I worried about the dark storm clouds that loomed to our right.  Getting caught in the rain without knowing the distance of the walk to the Shrine, coupled with Hayley's harsh cough, was enough to make me think twice about getting off the bus.  However, we came to pay homage to Our Lady, Queen of Ireland.  The weather wouldn't keep us away.

As we stepped off the bus, rain started falling, a torrential downpour mixed with wind and hail.  While my family shivered through the half-mile hike to the Shrine, I wondered why Our Lady of Knock chose to greet us this way.  After all, we had come so far to make a pilgrimage.  Little did I know then of the multitude of weary pilgrims that persevered on the road before us, desperately seeking miraculous cures from infirmities.

 Shortly after we arrived at the Shrine, the sun came out long enough for us to take photos.  We were like children in a candy store moving from one delicacy to another.  There was much to see, but we only had a few hours before we returned to Galway.

We toured the Basilica blessed by Pope John Paul II on September 30, 1979.  Afterward, we were happy to go to confession in the beautiful Chapel of Reconciliation.

As family members filled bottles with holy water from white, limestone outdoor fonts, I received free materials from a lovely lady in the Shrine's society office.  These books helped me to understand Knock's spiritual significance, and learn about Archdeacon Cavanaugh, a holy priest at the time of Mary's Apparition.

We assisted at Mass and received Holy Communion in the antiquated church.  We also prayed in the Apparition Chapel at the site where 15 people witnessed a glorious sight for two hours (Our Lady did not speak) during a rainy evening on August 21, 1879.

The snow-white marble statues of Our Lady, St. Joseph, St.
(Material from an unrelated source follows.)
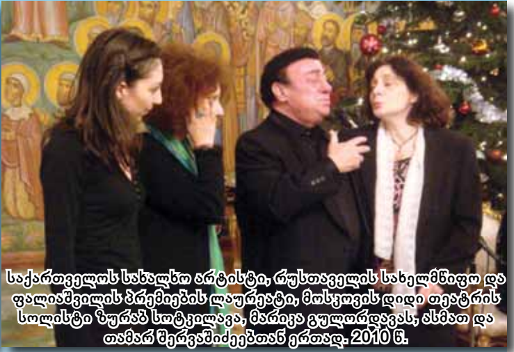
საქართველოს სახალხო არტისტი, რუსთაველის სახელმწიფო და ფალიაშვილის პრემიების ლაურეატი, მთხოვის დიდი თეატრის სოლისტი ზურაბ სოტკვილაჟინი, მამუჯინი გულთღვაჟინი, მამუჯინი და თამარ მენთლოჟინი. 2010 წ.

John, and the Lamb of God with hovering angels in adoration helped us to visualize the miraculous Apparition.  On the long flight home to the States, we had an opportunity to think about our wonderful pilgrimage to Knock.  We were very blessed to have visited there, and our oldest daughter miraculously made a full recovery from her illness.  At Knock, knock we did.  Our Lady had heard our prayers. 

 Prayer to Our Lady of Knock:

Our Lady of Knock Queen of Ireland, you gave hope to your people in a time of distress and comforted them in sorrow.  You have inspired countless pilgrims to pray with confidence to your Son, remembering His promise; "Ask and you shall receive, seek and you shall find."  Help me to remember that we are all pilgrims on the road to heaven.  Fill me with love and concern for my brothers and sisters in Christ, especially those who live with me.  Comfort me when I am sick or lonely or depressed.  Teach me how to take part ever more reverently in the holy Mass.  Pray for me now, and at the hour of my death.  Amen.  Our Lady of Knock, pray for us.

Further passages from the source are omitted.